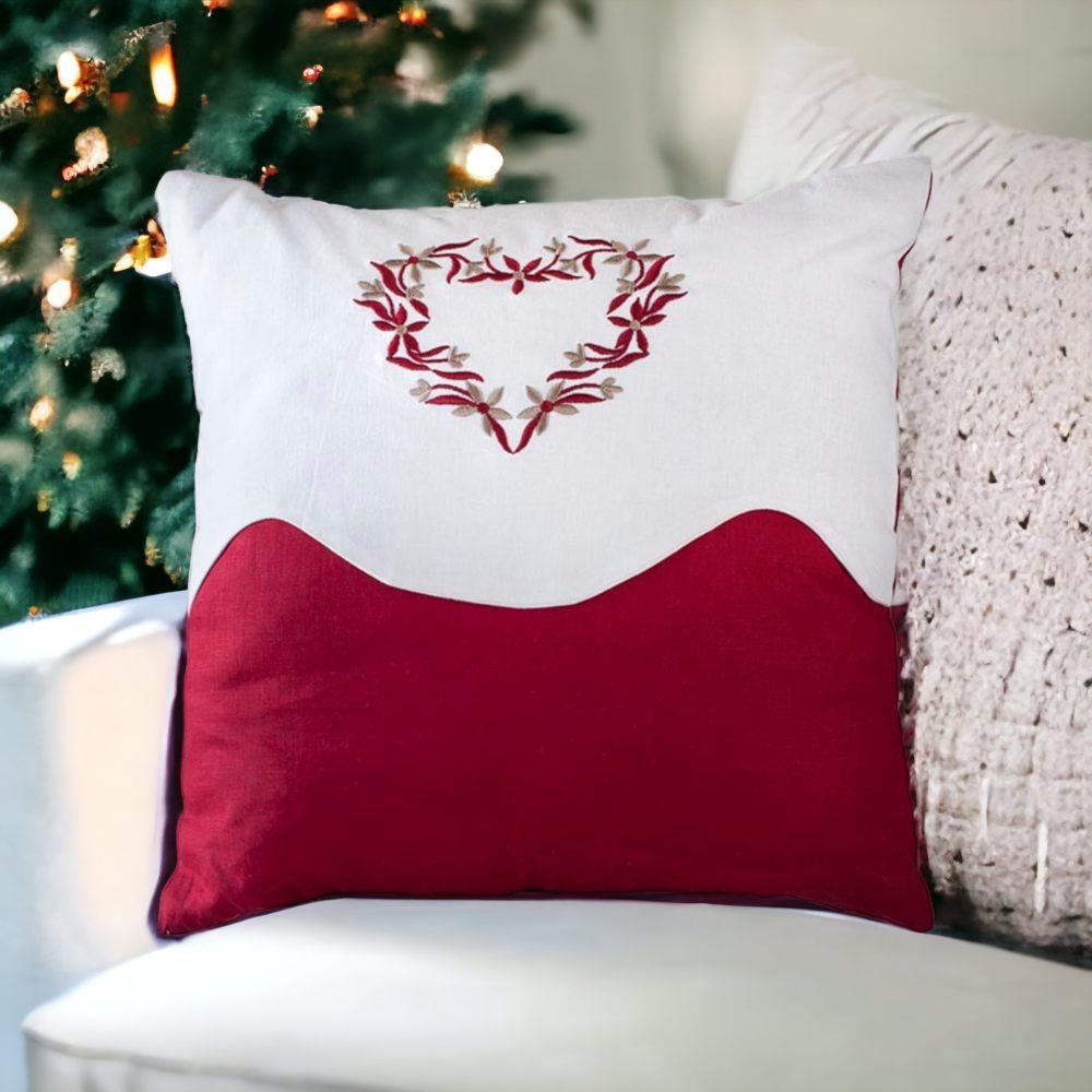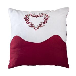 Kauniilla ornamentti koristeella kruunattu Hertta-tyynynpäällinen soveltuu erinomaisesti jouluiseen sisustukseen. Tyynynpäällinen on takaosasta kokonaan punainen. Sisustyyny on helppo asettaa tyynynpäällisen sisään, sillä tyynyn alareunassa on piiloon ommeltu vetoketju.
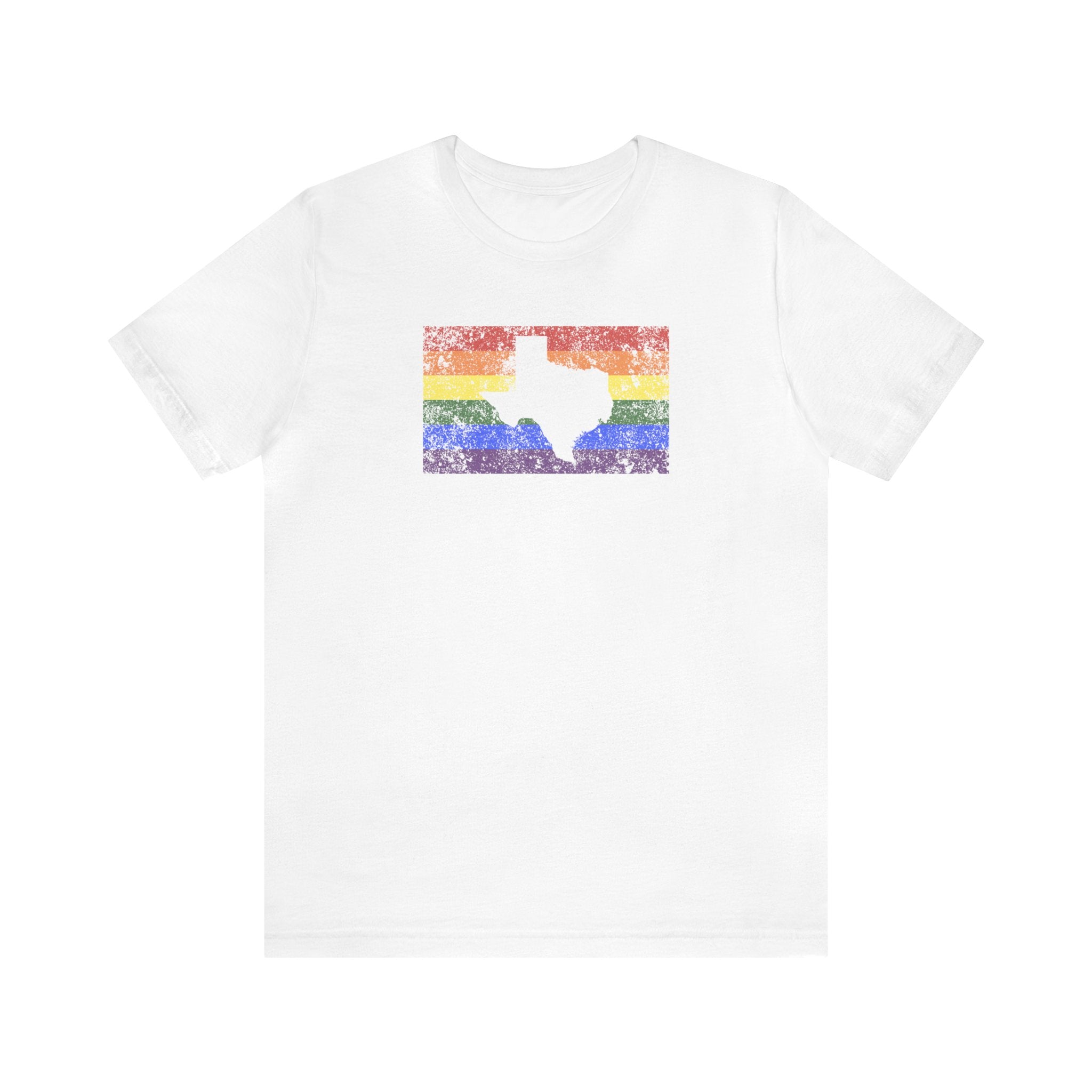 Texas Pride Flag Tee: Rainbow LGBTQ+ State Silhouette Distressed Shirt
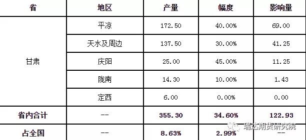 从季节性看,每年富士苹果5、6月价格环比一季度价格有明显上涨,主要造成的原因如下:1、由于苹果树在清明节附近开花,5月之后坐果、套袋等阶段,这期间北方地区在4月附近适逢寒潮天气,一旦低温持续时间够长,将对苹果花造成一定的损害,从而导致苹果减产,2018年度苹果减产就是这个原因造成;而今年苹果开花时间相对去年后移,避过寒潮损害,但坐果阶段的果子也亦受低温影响,出现掉落、损害等影响,最终也会导致新季坐果率的下降,亦对新季苹果产量的变化产生一定的炒作作用。自今年5月以来苹果部分产区出现冰雹,再次对新季苹果价格形成支撑。值得注意的是,新季苹果产量不确定的情况下,天气、资金等因素均利好于远月苹果合约。2、水果之间的季节性相对明显,5月初西瓜、荔枝等上市规模相对不大,价格相对偏高。3、5、6月份期间全国大部分地区阴雨天气居多,运输及存储成本上升,易带动水果整体价格上涨。据全国农产品批发市场价格信息系统监测,截止上周(5.1-5.9)重点监测的5种水果平均价格为6.51元/公斤,环比上涨0.9%,同比下降7.7%,水果之间价格变化明显。随着时间推移,6月之后,大多数水果成熟,时令鲜果上市规模加大,市场消费者可选择性加大,且较初期尝鲜度偏好下降,价格随之下滑。即便是在2018年减产的背景下,苹果价格也难逃季节性下跌的趋势。新季苹果产量的变化,将直接导致后市“苹果自由”是否可以到来。今年坐果时期,部分产区受冻害影响,各路机构前往产区调研,观点各不一,加之各类减产视频等加速苹果价格上涨;据卓创知,西部产区前期受低温冻害范围比18年小,多数地区冻害减产情况仍处于不确定的状态。由于坐果受冻害面积主要分布在西部地区,以下主要以陕西及甘肃产地来预测苹果产量影响预测。以下图为甘肃省各地新季苹果受冻情况:(单位:万吨)
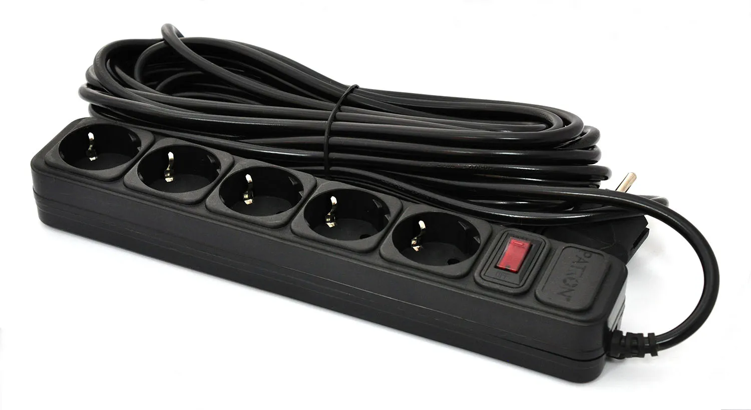- Фильтр сетевой 5 розеток, 10 м, черный, 3*1мм2 Patron (SP-10510)
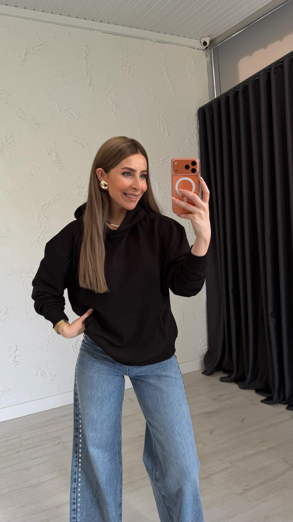 Model Ölçüleri Boy: 1.74 cm Kilo: 54 kg Model üzerindeki sweat XS bedendir.
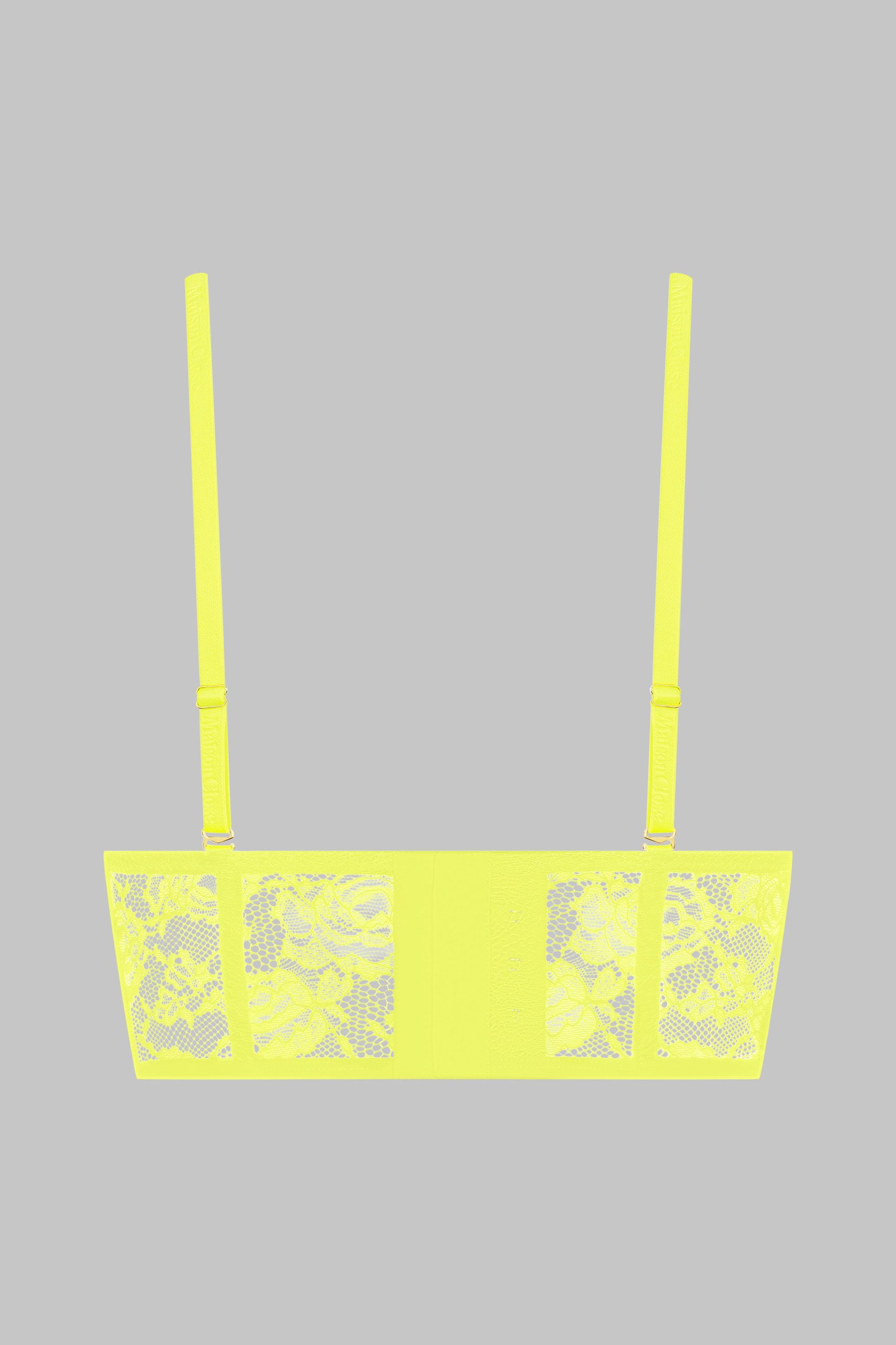 This neon-coloured balconette bra features mostly recycled openwork lace.Underwired cups that fit and shape the breasts perfectly. Bustier design with flexible vertical boning in the front and back. Fastens at the back with a smooth, subtle adjustable clip. Signature adjustable and removable neon straps with gold accessories. Swap whenever you like with any other Signature items available in various colours. An opportunity for each Muse to create their own zingy mix and match.
========================================
= Exercise requirements =
Your job is to repeat every entry exactly, keeping all pictures out of the copy.

= Task answer =
 Kauniilla ornamentti koristeella kruunattu Hertta-tyynynpäällinen soveltuu erinomaisesti jouluiseen sisustukseen. Tyynynpäällinen on takaosasta kokonaan punainen. Sisustyyny on helppo asettaa tyynynpäällisen sisään, sillä tyynyn alareunassa on piiloon ommeltu vetoketju.
 Texas Pride Flag Tee: Rainbow LGBTQ+ State Silhouette Distressed Shirt
 从季节性看,每年富士苹果5、6月价格环比一季度价格有明显上涨,主要造成的原因如下:1、由于苹果树在清明节附近开花,5月之后坐果、套袋等阶段,这期间北方地区在4月附近适逢寒潮天气,一旦低温持续时间够长,将对苹果花造成一定的损害,从而导致苹果减产,2018年度苹果减产就是这个原因造成;而今年苹果开花时间相对去年后移,避过寒潮损害,但坐果阶段的果子也亦受低温影响,出现掉落、损害等影响,最终也会导致新季坐果率的下降,亦对新季苹果产量的变化产生一定的炒作作用。自今年5月以来苹果部分产区出现冰雹,再次对新季苹果价格形成支撑。值得注意的是,新季苹果产量不确定的情况下,天气、资金等因素均利好于远月苹果合约。2、水果之间的季节性相对明显,5月初西瓜、荔枝等上市规模相对不大,价格相对偏高。3、5、6月份期间全国大部分地区阴雨天气居多,运输及存储成本上升,易带动水果整体价格上涨。据全国农产品批发市场价格信息系统监测,截止上周(5.1-5.9)重点监测的5种水果平均价格为6.51元/公斤,环比上涨0.9%,同比下降7.7%,水果之间价格变化明显。随着时间推移,6月之后,大多数水果成熟,时令鲜果上市规模加大,市场消费者可选择性加大,且较初期尝鲜度偏好下降,价格随之下滑。即便是在2018年减产的背景下,苹果价格也难逃季节性下跌的趋势。新季苹果产量的变化,将直接导致后市“苹果自由”是否可以到来。今年坐果时期,部分产区受冻害影响,各路机构前往产区调研,观点各不一,加之各类减产视频等加速苹果价格上涨;据卓创知,西部产区前期受低温冻害范围比18年小,多数地区冻害减产情况仍处于不确定的状态。由于坐果受冻害面积主要分布在西部地区,以下主要以陕西及甘肃产地来预测苹果产量影响预测。以下图为甘肃省各地新季苹果受冻情况:(单位:万吨)
- Фильтр сетевой 5 розеток, 10 м, черный, 3*1мм2 Patron (SP-10510)
 Model Ölçüleri Boy: 1.74 cm Kilo: 54 kg Model üzerindeki sweat XS bedendir.
 This neon-coloured balconette bra features mostly recycled openwork lace.Underwired cups that fit and shape the breasts perfectly. Bustier design with flexible vertical boning in the front and back. Fastens at the back with a smooth, subtle adjustable clip. Signature adjustable and removable neon straps with gold accessories. Swap whenever you like with any other Signature items available in various colours. An opportunity for each Muse to create their own zingy mix and match.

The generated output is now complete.